Thanks in advance for all the helpers.
Generating permutations is often done recursively. Given a list of 5 items, the permutations can be created by picking each of the 5 elements in turn as the first element of the answer, then for each of them permuting the remaining 4 elements, and appending them together.
>>> from itertools import permutations
>>> list(permutations(range(2)))
[(0, 1), (1, 0)]
>>> list(permutations([1, 4, 5]))
[(1, 4, 5), (1, 5, 4), (4, 1, 5), (4, 5, 1), (5, 1, 4), (5, 4, 1)]
In the docs there is Python code available for legacy versions.
A note re your code, x + 1 doesn't do anything as you're not assigning result of that expression to anyting.
The best way to understand what is making your code slow is to actually measure it. When you attempt to guess at what will make something fast, it's often wrong. You've got the right idea in that you're noticing that your code is slower and it's time for some improvement.
Since this is a fairly small piece of code, the timeit module will probably be useful. Break the code up into sections, and time them. A good rule of thumb is that it's better to look at an inner loop for improvements, since this will be executed the most times. In your example, this would be the loop inside the perm function.
It is also worth noting that while loops are generally slower than for loops in python, and that list comprehensions are faster than both of these.
Once you start writing longer scripts, you'll want to be aware of the ability to profile in python, which will help you identify where your code is slow. Hopefully this has given you a few places to look.
OK, for large lists, a recursive solution will take more and more time & space, and eventually reach the recursion limit and die. So, on the theoretical side, you could work on ways to save time and space.
Hint: tail-recursive functions (such as the one you've written) can be rewritten as loops
On a more practical side, you may consider the use cases of your function. Maybe there's somebody who doesn't want the whole list of permutations at once, but a single one each time - there's a good opportunity to learn about yield and generators.

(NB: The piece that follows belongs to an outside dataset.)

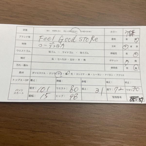 コーデュロイの温かみある素材感で秋冬に活躍する一本 - ブランド:Feel Good Store フィールグッドストア - サイズ表記:不明(L〜LL(11〜13号相当)) - 素材:コーデュロイ(綿 ポリウレタン) - カラー:ブラウン系 - シーズン:秋冬 - 服の特徴:コーデュロイ素材、ストレートシルエット、シンプルデザイン - 裾の長さ:フルレングス 管理番号: 05-57 即購入大歓迎・お得な割引各種あります 詳しくはプロフィールをご覧ください! 匿名&送料無料 海外輸入のため全て一点ものです 古着のため使用感・毛玉等があることもあります。写真で状態の確認を行なってからご購入ください おまとめ買いでお得な割引あります♪ 平置き採寸表→写真から確認いただけます! (素人採寸のため、多少の誤差はご了承ください) 商品状態に関しては、写真、商品説明欄に記載しております。着用回数、購入時期などはお答えできませんので、ご了承ください。着画、写真の追加もお断りしております。 簡易包装のコンパクト発送となります。 畳みシワはご了承の程、宜しくお願いいたします。 商品によっては圧縮してお送りするものもございます。 撮影環境や使用するモニター、反映されにくい色味など、 商品と画像に若干の色誤差が生じますことをご了承ください。 出品作業の際にしっかりと確認はしておりますが、シミなどの見落としがある場合もございますのでご了承下さい。 古着の取り扱いになりますので特有の匂い等がある可能性があります。ご理解のある方のみご購入の程お願い致します。

Also, for something generally not directly applicable to your question: k-combinations and multisets are closely related to permutations. Perhaps you can extend your function (or write a new one) which will produce the k-combinations and/or multiset the user asks for.

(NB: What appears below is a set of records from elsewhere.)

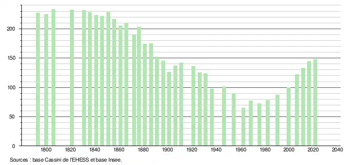 L'évolution du nombre d'habitants est connue à travers les recensements de la population effectués dans la commune depuis 1793. Pour les communes de moins de 10 000 habitants, une enquête de recensement portant sur toute la population est réalisée tous les cinq ans, les populations légales des années intermédiaires étant quant à elles estimées par interpolation ou extrapolation[14]. Pour la commune, le premier recensement exhaustif entrant dans le cadre du nouveau dispositif a été réalisé en 2006[15].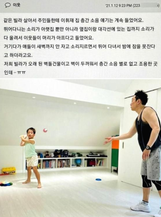 문정원·이휘재 집 아래층에 거주 중인 주민이 층간소음으로 이휘재 아내인 문정원 인스타그램에 항의하면서 논란이 시작되었습니다. <문정원 인스타그램 층간소음 항의> A 씨는 11일 이휘재 부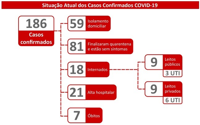 Dentre os casos confirmados, 59 foram submetidos ao isolamento domiciliar e 81 pacientes finalizaram a quarentena e não apresentam sintomas. Ainda há 18 pacientes internados,. Houve, ainda, 19 pacientes em alta hospitalar, além dos sete óbitos.

The first thing I notice is that the code is hard to understand. The variable names are completely meaningless, replace them with meaningful names. It also seems like you're using i as a loop index, which is almost always bad style in python, because you can do for item in list:.
This is not really performance related, but there is a glaring bug in the code. Using a list as a default parameter does not do what you think it does - it will create one list object that will be shared by every call to perm(), so the second time you call perm you will have the value in c of whatever it contained when the last call finished. This is a common beginner's error.

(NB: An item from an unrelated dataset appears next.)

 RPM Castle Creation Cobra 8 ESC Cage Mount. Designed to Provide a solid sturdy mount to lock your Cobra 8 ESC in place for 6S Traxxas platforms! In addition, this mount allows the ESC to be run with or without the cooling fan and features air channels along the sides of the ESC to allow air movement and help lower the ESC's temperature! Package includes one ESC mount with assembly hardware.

You also say "when I use bigger lists it takes some time to generate all the permutations of the list". What did you expect? The number of permutations is equal to the factorial of the length of the list, and that grows big fast! For example a list of length 20 will have 2432902008176640000 permutations. Even the most efficient algorithm in the world is "going to take some time" for a list this size, even if it did not run out of memory first. If our hypothetical algorithm generated a billion permutations a second it would still take 77 years to run. Can you be more specific about the length of lists you are using and how long it is taking?